EXERCISE DESCRIPTION — Copy out exactly the lines spanning the line with "Bei dieser ersten" to the line with "民國五、六十年代(1960-70)的大甲", inclusive, from the data underneath, with no pictures.

DATA FOR THIS TASK —
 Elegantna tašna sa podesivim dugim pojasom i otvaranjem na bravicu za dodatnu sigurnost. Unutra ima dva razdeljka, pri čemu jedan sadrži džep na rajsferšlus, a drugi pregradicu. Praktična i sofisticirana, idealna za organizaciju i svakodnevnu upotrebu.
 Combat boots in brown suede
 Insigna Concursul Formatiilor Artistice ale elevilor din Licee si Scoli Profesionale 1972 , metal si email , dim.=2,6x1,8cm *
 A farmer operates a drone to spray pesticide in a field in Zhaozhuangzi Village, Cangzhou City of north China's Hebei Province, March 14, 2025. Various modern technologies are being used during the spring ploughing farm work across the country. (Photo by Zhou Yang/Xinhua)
--
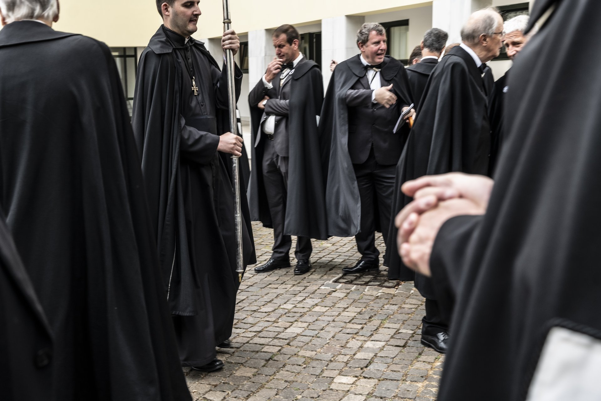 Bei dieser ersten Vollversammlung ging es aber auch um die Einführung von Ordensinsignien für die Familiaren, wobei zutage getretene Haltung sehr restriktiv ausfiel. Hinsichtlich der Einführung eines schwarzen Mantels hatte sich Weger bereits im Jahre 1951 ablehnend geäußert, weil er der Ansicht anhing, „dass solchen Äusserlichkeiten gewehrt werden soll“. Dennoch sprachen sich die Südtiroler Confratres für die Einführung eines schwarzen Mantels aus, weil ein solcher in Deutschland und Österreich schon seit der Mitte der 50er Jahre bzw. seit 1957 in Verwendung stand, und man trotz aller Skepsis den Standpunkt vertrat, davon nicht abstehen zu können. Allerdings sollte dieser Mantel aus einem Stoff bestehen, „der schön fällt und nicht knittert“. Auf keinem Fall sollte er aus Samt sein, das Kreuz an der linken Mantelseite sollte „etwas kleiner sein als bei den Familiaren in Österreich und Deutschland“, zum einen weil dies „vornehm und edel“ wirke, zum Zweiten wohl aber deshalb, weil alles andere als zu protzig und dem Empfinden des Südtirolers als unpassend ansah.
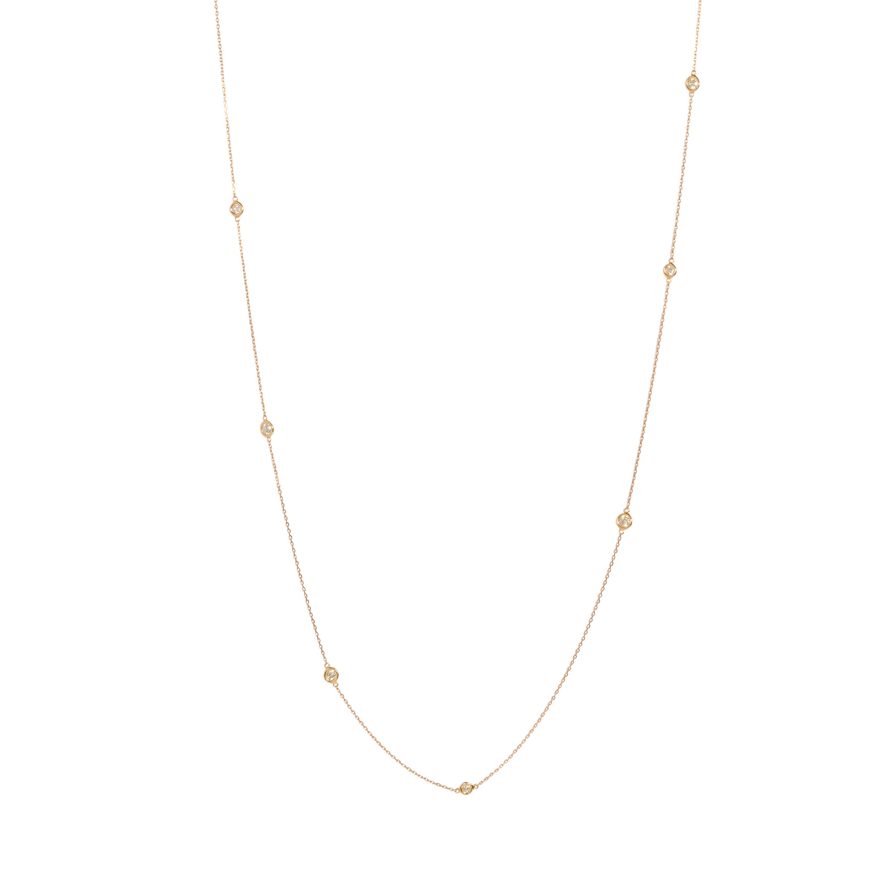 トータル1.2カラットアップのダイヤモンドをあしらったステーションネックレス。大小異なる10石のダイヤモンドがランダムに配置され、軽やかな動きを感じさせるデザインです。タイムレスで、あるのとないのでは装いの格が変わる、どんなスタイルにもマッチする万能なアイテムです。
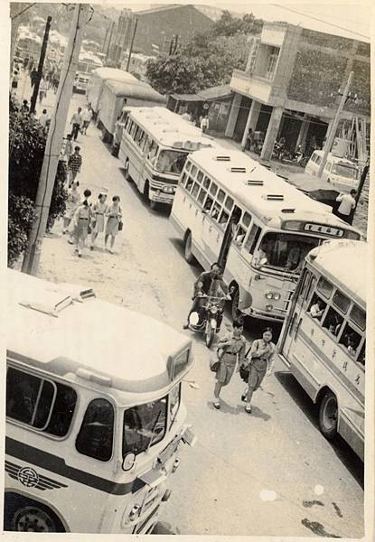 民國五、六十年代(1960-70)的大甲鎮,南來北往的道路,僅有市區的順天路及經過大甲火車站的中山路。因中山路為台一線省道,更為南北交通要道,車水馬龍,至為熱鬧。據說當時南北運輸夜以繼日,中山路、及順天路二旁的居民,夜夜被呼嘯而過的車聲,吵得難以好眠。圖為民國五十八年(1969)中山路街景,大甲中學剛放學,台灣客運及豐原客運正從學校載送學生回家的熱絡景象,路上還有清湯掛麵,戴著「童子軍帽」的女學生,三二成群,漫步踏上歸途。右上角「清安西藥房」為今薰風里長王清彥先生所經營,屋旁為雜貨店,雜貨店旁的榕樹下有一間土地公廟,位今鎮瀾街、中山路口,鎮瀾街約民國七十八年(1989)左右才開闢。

RESPONSE BELOW —
 Bei dieser ersten Vollversammlung ging es aber auch um die Einführung von Ordensinsignien für die Familiaren, wobei zutage getretene Haltung sehr restriktiv ausfiel. Hinsichtlich der Einführung eines schwarzen Mantels hatte sich Weger bereits im Jahre 1951 ablehnend geäußert, weil er der Ansicht anhing, „dass solchen Äusserlichkeiten gewehrt werden soll“. Dennoch sprachen sich die Südtiroler Confratres für die Einführung eines schwarzen Mantels aus, weil ein solcher in Deutschland und Österreich schon seit der Mitte der 50er Jahre bzw. seit 1957 in Verwendung stand, und man trotz aller Skepsis den Standpunkt vertrat, davon nicht abstehen zu können. Allerdings sollte dieser Mantel aus einem Stoff bestehen, „der schön fällt und nicht knittert“. Auf keinem Fall sollte er aus Samt sein, das Kreuz an der linken Mantelseite sollte „etwas kleiner sein als bei den Familiaren in Österreich und Deutschland“, zum einen weil dies „vornehm und edel“ wirke, zum Zweiten wohl aber deshalb, weil alles andere als zu protzig und dem Empfinden des Südtirolers als unpassend ansah.
 トータル1.2カラットアップのダイヤモンドをあしらったステーションネックレス。大小異なる10石のダイヤモンドがランダムに配置され、軽やかな動きを感じさせるデザインです。タイムレスで、あるのとないのでは装いの格が変わる、どんなスタイルにもマッチする万能なアイテムです。
 民國五、六十年代(1960-70)的大甲鎮,南來北往的道路,僅有市區的順天路及經過大甲火車站的中山路。因中山路為台一線省道,更為南北交通要道,車水馬龍,至為熱鬧。據說當時南北運輸夜以繼日,中山路、及順天路二旁的居民,夜夜被呼嘯而過的車聲,吵得難以好眠。圖為民國五十八年(1969)中山路街景,大甲中學剛放學,台灣客運及豐原客運正從學校載送學生回家的熱絡景象,路上還有清湯掛麵,戴著「童子軍帽」的女學生,三二成群,漫步踏上歸途。右上角「清安西藥房」為今薰風里長王清彥先生所經營,屋旁為雜貨店,雜貨店旁的榕樹下有一間土地公廟,位今鎮瀾街、中山路口,鎮瀾街約民國七十八年(1989)左右才開闢。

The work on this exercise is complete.